Prayers, please? I have two tests, SAT IIs, and two papers this week...

Thanks.

Sunday, April 25, 2010

Frightening

All of a sudden I'm scared. I don't feel right--I don't feel quite like myself--and it worries me. Logically I know I'll be back on that medication by tomorrow night, Tuesday at the latest, but I'm worried that this will turn into a full-blown episode before then. I had to force myself to study today; I never have to do that! I love to study! And something in my head doesn't feel right.

Off a Med

I went off Abilify and I may need to go back on it. I don't want to post anything I'll regret while my impulse control is down, hence the silence.

Thursday, April 22, 2010

BIG NEWS...

I am now taking seven pills a day (not eight) and medicating twice a day (not four times). This is great!

Tuesday, April 20, 2010

Happy Birthday Israel!

Not much time, but I have to post this.

The country with the greatest number of Ph.D.s per capita,
Leading the world in medical research.
The number one immigrant absorbing nation in the world,
and
The only Jewish State,

Israel is 62 Years Old!

May she live for another 1200! (Usual blessing is 120, but that seems young for a country.)

Monday, April 19, 2010

The Challenge Day 58

Can I manage the rest of the school year on roughly 45 dollars? I only need basic supplies and a prom ticket...I bet I can.

Sunday, April 18, 2010

The Challenge Day 57

Today I went to Target, and bought everything I needed for under twenty dollars. If I budget well, the money I have will last me the rest of the school year and then some. I am feeling rather pleased with myself, I must admit.

Monday, April 12, 2010

The Challenge Day 51

Flying is expensive!

And not just the ticket.

Between the bag check and lunch, I spent more of "my" money today than I usually spend in weeks. And I may have to make a necessities run to Target this weekend, too.

Sunday, April 11, 2010

The Challenge Day 50: Haircut

Today I spent a good chunk of my parents' money but it was for a good cause: I donated my hair to Locks of Love. Let's just say it's creepy to see a braid of one's own hair lying on one's table in a plastic bag.

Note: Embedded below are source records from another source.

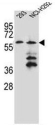- PRAMEF12 Antibody (Center) western blot analysis in 293,NCI-H292 cell line lysates (35ug/lane).This demonstrates the PRAMEF12 antibody detected the PRAMEF12 protein (arrow).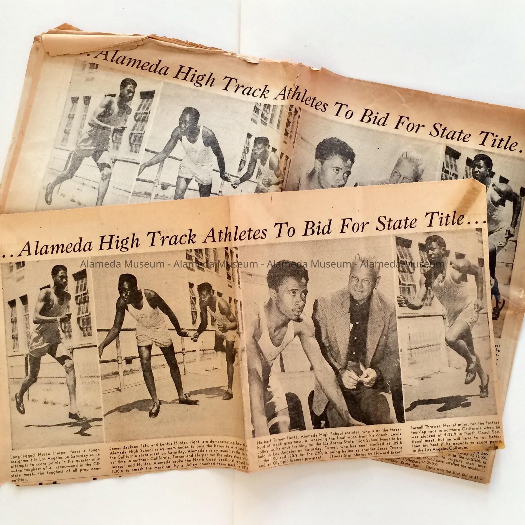 TWO COPIES OF AN ILLUSTRATED NEWSPAPER CLIPPING, WITH BOLD-PRINTED CAPTION, "ALAMEDA HIGH TRACK ATHLETES TO BID FOR STATE TITLE."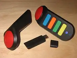 The Buzz! Buzzer is a special controller designed specifically for the Buzz! quiz game series. The controllers feature large red buzzer buttons and four smaller coloured buttons for answer selection. Both wired[6] and wireless[7] versions are available and come bundled with Buzz! games. A four-buzzer set acts as a single USB device and connects a USB port on the PlayStation 2. Wireless versions connect via a USB dongle, with each dongle able to support up to 4 wireless buzzers at a time. A second dongle is required for additional buzzers (for 8 player games). Both the wired and wireless versions of the buzzers are compatible with both PlayStation 2 and PlayStation 3. The "big button controllers" available for the Xbox 360 heavily resemble buzzers in many respects, and fulfil the same function.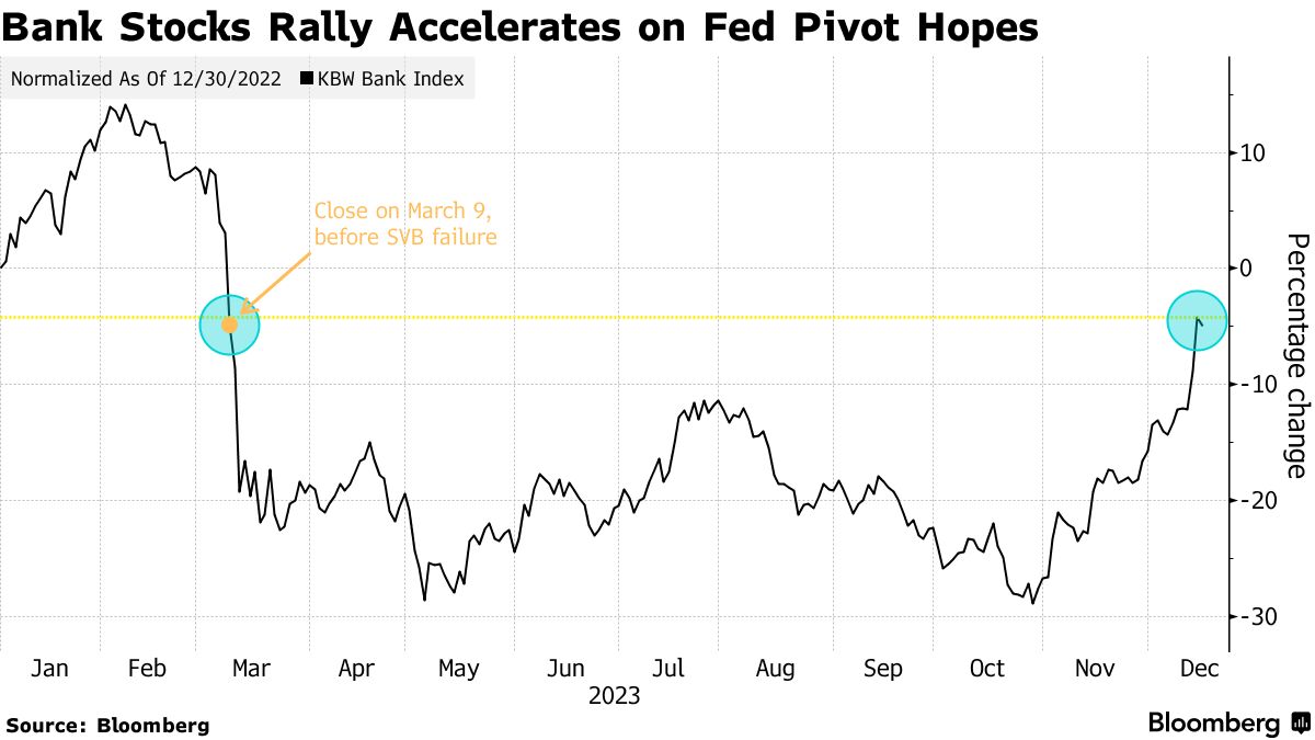 周三下午会议后,KBW银行指数在两天内飙升了9%,创下了近三年来最佳的涨幅。这帮助将该指数推高至3月8日之前的最高水平,就在硅谷银行倒闭之前。利率下调的前景减轻了人们对银行证券投资组合未实现损失、存款竞争以及整体经济健康状况的担忧。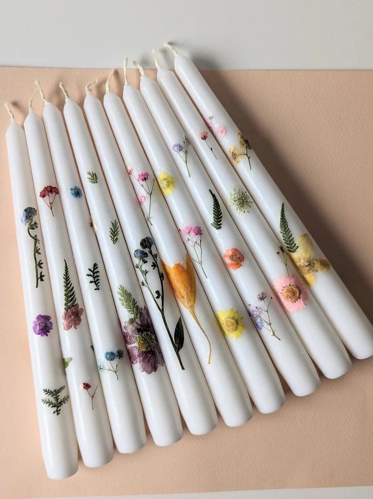 Pressed Flower Tapered Candles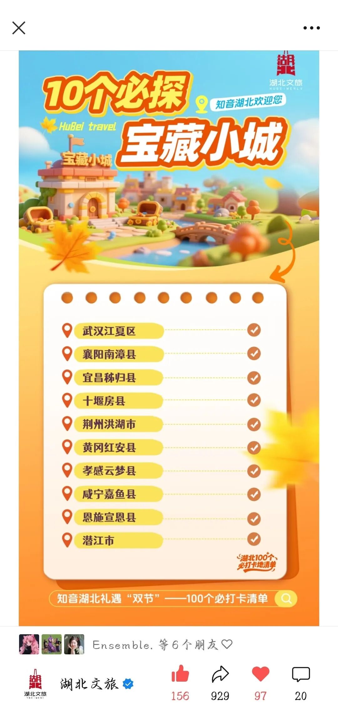 节前借“赵立坚推荐湖北秭归”“秭归鸟”造势,节中发九歌巷子花絮、发光摆渡车实景,“欢乐十一来秭归”等话题冲上区域热搜。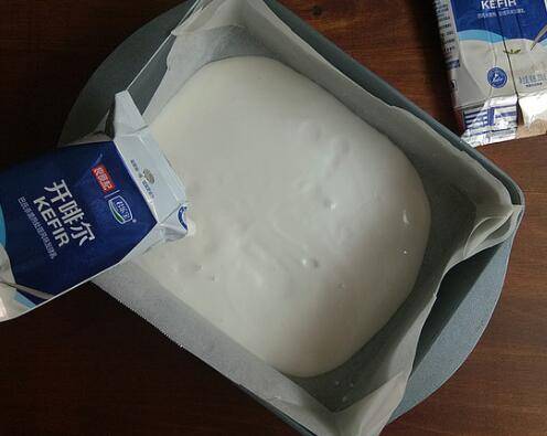 倒入酸奶,大约1cm的厚度就可以啦,不需要太厚。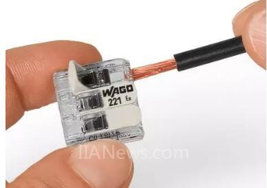 該連接器的手柄可輕松用手扳開,將導線插入,將手柄扳下即可。新型連接器適用于0.14 mm2-4mm2的細多股導線以及0.2mm2-4 mm2(24–12 AWG) 的單股及多股絞合導線。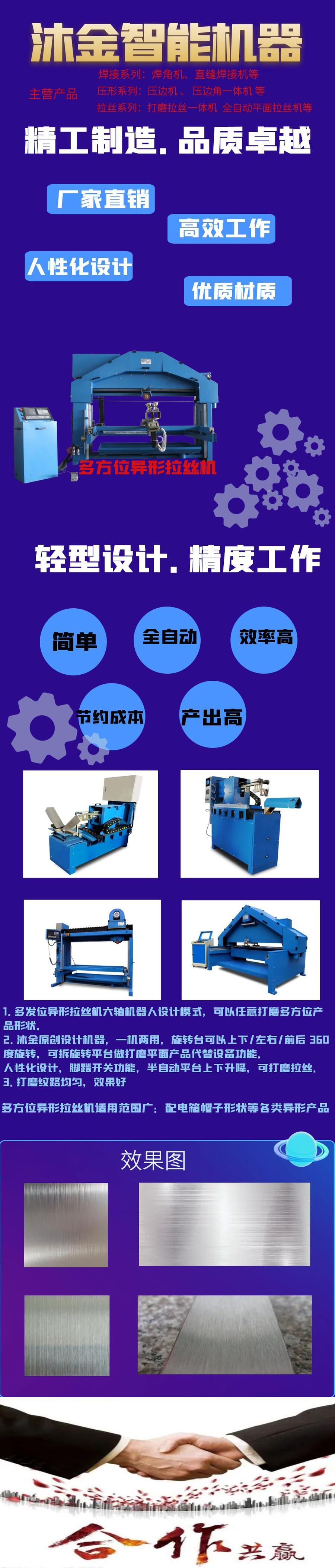 多方位异型拉丝机,打磨拉丝一体化,选择沐金智能机器,帮您解决表面打磨拉丝问题。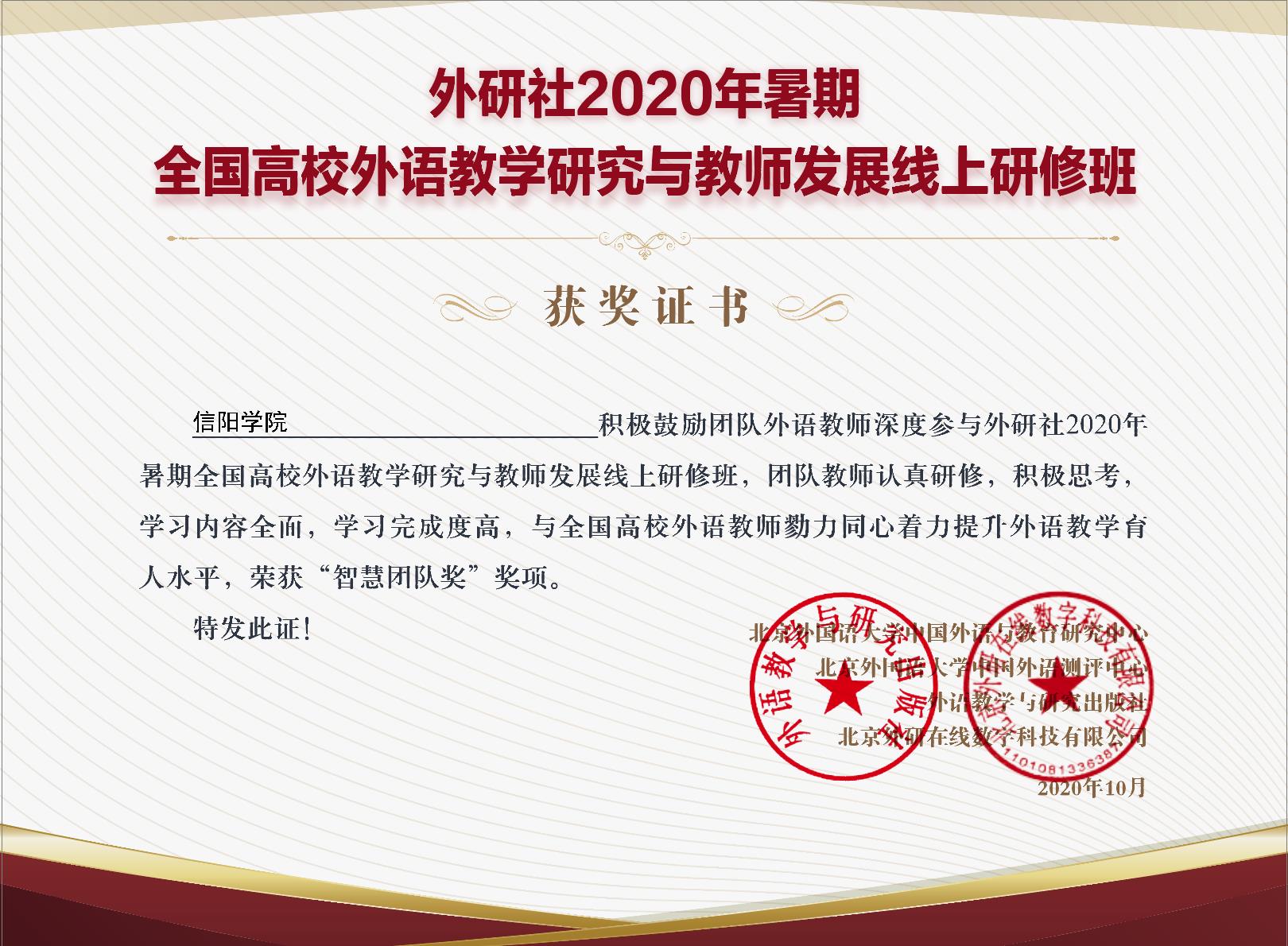 近日,外研社对参与2020年暑期研修班的广大教师和积极组织开展研修、交流的各地院校进行表彰,我校喜获2020年外研社暑期线上研修班 “智慧团队奖”。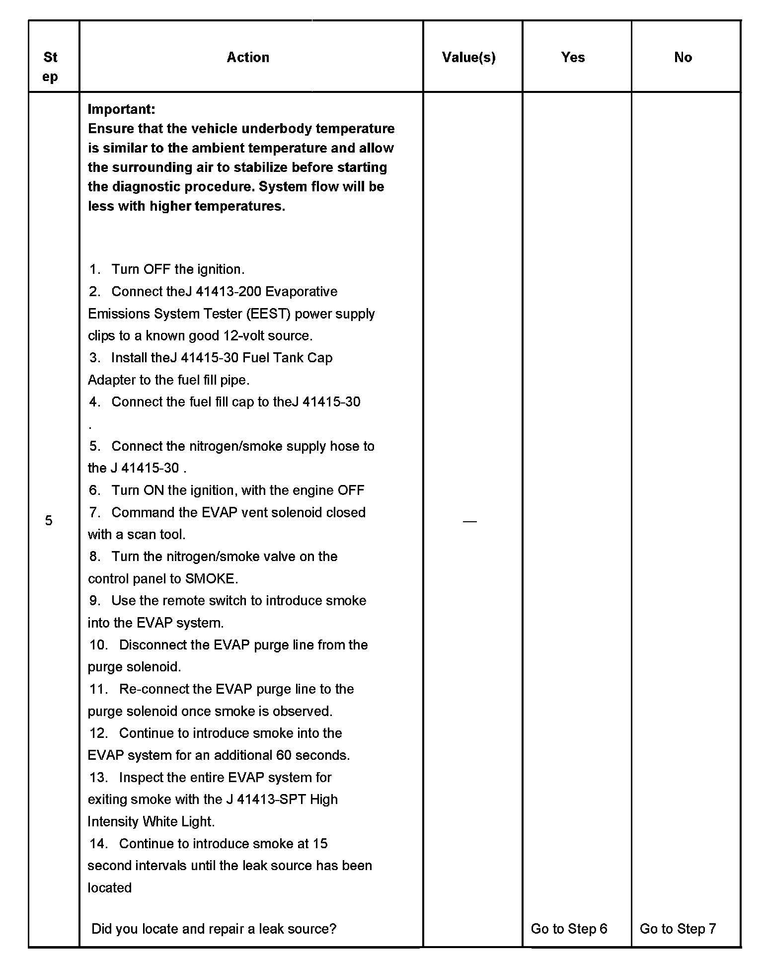 5. This step uses tools from the EVAP pressure/purge cart diagnostic station, in order to determine whether EVAP control system is sealed sufficiently to be pressurized. Any leak that is found must be located and repaired before continuing with the diagnosis.

Reasons to Love Short Hair:

1. Your shirt or nightshirt does not get soaked after you shower.

2. Three minutes to wash + two minutes to style = five minute hair.

3. More body because there is less weight.

4. Better accentuates face.

COOL!

Sunday, April 4, 2010

The Challenge Day 43: Cellphones and Study Guides

Yesterday my phone died from water damage. Today I got a new one, free of charge because of the two year thing. My new one is purple, with a qwerty keyboard. I love it. My old cellphone is now a lounge chair in my dollhouse.

I also got a study guide for the AP English Language exam, for which I used my five dollar gift card to help offset the cost.

Friday, April 2, 2010

The Challenge Day 41--and Another Dollhouse Craft

This craft is absolutely free, and a good use for old catalogues.

You Will Need
One or Two Catalogues with Lots of Pictures
White or Pastel Colored Paper
Scissors
Stapler
1. Cut a picture out of the magazine.
2. Place the picture on the paper and cut a long strip the same height as the picture.
3. Fold the paper in a zig-zag; try to keep the edges even.
4. Staple the picture on top of the paper, making sure the staples go all the way through the zig-zag.
5. Trim any visible edges.

These magazines look great on a dollhouse coffee table!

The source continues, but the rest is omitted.